On vous demande de vous attacher à une cause qui n'a pas été soutenue par son propre maître. On vous demande de vouer les forces de la France à la défense d'autres forces étrangères qui se sont trouvées insuffisantes pour se protéger quelques semaines elles-mêmes.

Voilà la vraie situation. Voilà la vraie question. Il est impossible qu'on engage ainsi la France, quand la base de la politique a été une erreur évidente. Il est impossible qu'on ne tienne aucun compte des faits, et que l'on compromette les intérêts, la dignité, le sang de la France dans une cause qui a failli tout à coup. (Mouvements divers.
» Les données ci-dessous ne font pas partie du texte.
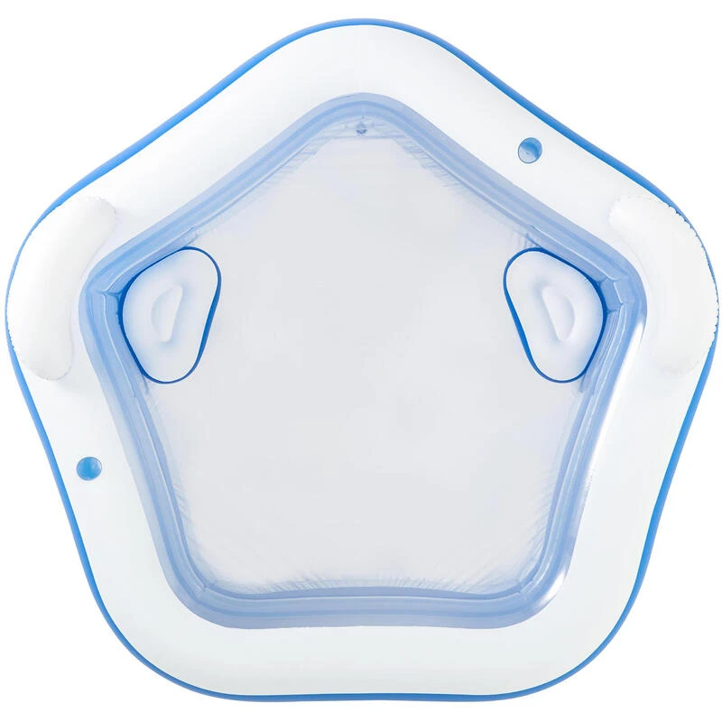 *Piscine familiale gonflable pentagonale *Longueur : 213 cm *Largeur : 206 cm *Hauteur : 69 cm *Capacité d’eau : 575 litres *Âge recommandé : à partir de 6 ans *Deux appuis-tête *Deux coussins de siège *Deux porte-gobelets intégrés *Deux anneaux d’air *Valve de sécurité *Valve de ventilation *Côtés extra-larges *Matériau : vinyle robuste de 0,27 mm d’épaisseur *Valve de vidange *Kit de réparation inclus *Couleur : bleu et blanc *Marque : Bestway
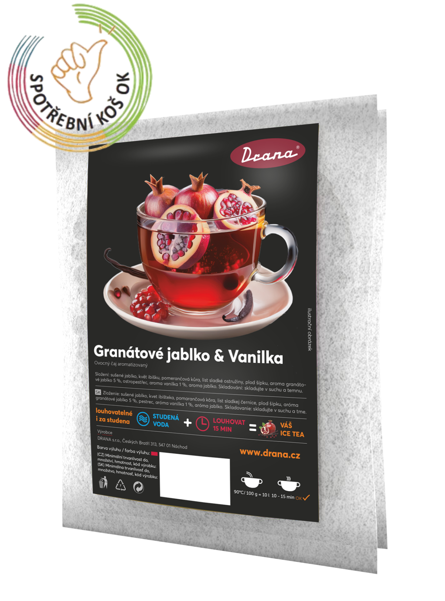Naše čaje obsahují velké kousky skutečného ovoce, jsou bez alergenů a pesticidů a baleny v netkané textilii ve 100g sáčcích, ideálních pro přípravu 10 l nápoje.

Vive agitation.)

CIII

Discussion du projet de loi relatif aux secours à accorder aux réfugiés étrangers.—Relations de la France avec l'Espagne.
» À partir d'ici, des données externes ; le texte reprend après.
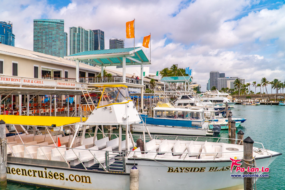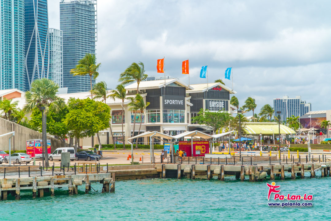 เมื่อล่องเรือผ่าน Bayside Marketplace จะเห็นท่าจอดรถ Big Bus Miami
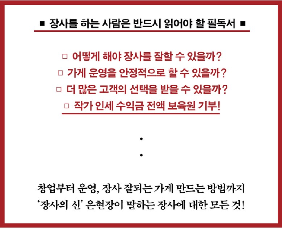 장사의 신 은현장 님이 설립한 네이버 카페입니다. 현재 약 11.7만의 회원을 보유하고 있습니다. 은현장 님의 노하우는 물론, 업종 별 예비창업주분들의 커뮤니티 공간이나 Q&A공간, 무료 홍보공간, 각 분야 전문가들의 칼럼이 연재되고 있습니다.

—Chambre des pairs.—Séance du 4 janvier 1841.—

Le gouvernement avait demandé un crédit de 700,000 francs pour secours aux réfugiés étrangers. Dans la discussion de ce projet de loi, M. le duc de Noailles s'éleva contre la politique adoptée dans nos relations avec l'Espagne depuis la mort de Ferdinand VII, et spécialement depuis que don Carlos avait été expulsé de la Péninsule. Je lui répondis:

M. Guizot.—Messieurs, la Chambre ne s'étonnera pas, j'en suis sûr, si, dans le discours de l'honorable préopinant, il y a des choses auxquelles je ne réponds point, sur lesquelles je n'exprime aucun avis, dont je ne parle même pas. Non-seulement il ne m'est pas permis de tout dire, mais il ne m'est pas permis de parler de tout. Il y a une foule de choses dans lesquelles la parole nuit d'avance à l'action. Quand on n'est pas obligé d'agir, quand on est simplement appelé à observer et à juger, on peut exprimer sans crainte et sans gêne toute sa pensée. Quand on est appelé à agir, et précisément pour agir, il faut savoir se taire.
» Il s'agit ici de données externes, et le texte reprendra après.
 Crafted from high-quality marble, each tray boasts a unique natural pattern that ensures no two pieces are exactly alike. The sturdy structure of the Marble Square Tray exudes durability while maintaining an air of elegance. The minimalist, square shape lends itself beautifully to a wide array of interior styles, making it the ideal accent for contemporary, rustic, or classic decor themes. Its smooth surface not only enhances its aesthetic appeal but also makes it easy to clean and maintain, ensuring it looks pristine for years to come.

Dans une occasion récente, j'ai eu l'honneur de dire à cette tribune que le projet du gouvernement était de ne pas intervenir activement dans les affaires intérieures de l'Espagne. Mais j'ai certes été bien loin de renier la part qu'il a prise dans les événements dont l'Espagne a été le théâtre...

M. le marquis de Brézé.—Je demande la parole.

M. le ministre.—Lorsque, à la mort de Ferdinand VII, l'Espagne a reçu, de la volonté même de son roi, un gouvernement qu'elle a aussitôt entouré et appuyé de la sanction nationale, la France l'a reconnu; elle s'est empressée de le reconnaître, comme le disait l'honorable préopinant, parce que c'était le gouvernement légitime de l'Espagne, le gouvernement proclamé par le droit légal et le vœu national; et après l'avoir reconnu, la France l'a soutenu. Lorsque ce gouvernement, établi par le testament de Ferdinand VII et par le vœu national, a été attaqué, lorsqu'il a été mis en question par la guerre civile, le gouvernement du roi s'est empressé de le soutenir et de lui donner un appui public et efficace. Oui, nous avons levé des troupes, nous avons conclu des traités, nous avons envoyé la légion étrangère, nous avons pris de grandes mesures qui ont eu pour objet de soutenir le trône d'Isabelle II. Certes, je suis loin de renier cette politique, convaincu, aujourd'hui comme il y a cinq ans, qu'elle est conforme au vœu de l'Espagne et aux intérêts de la France.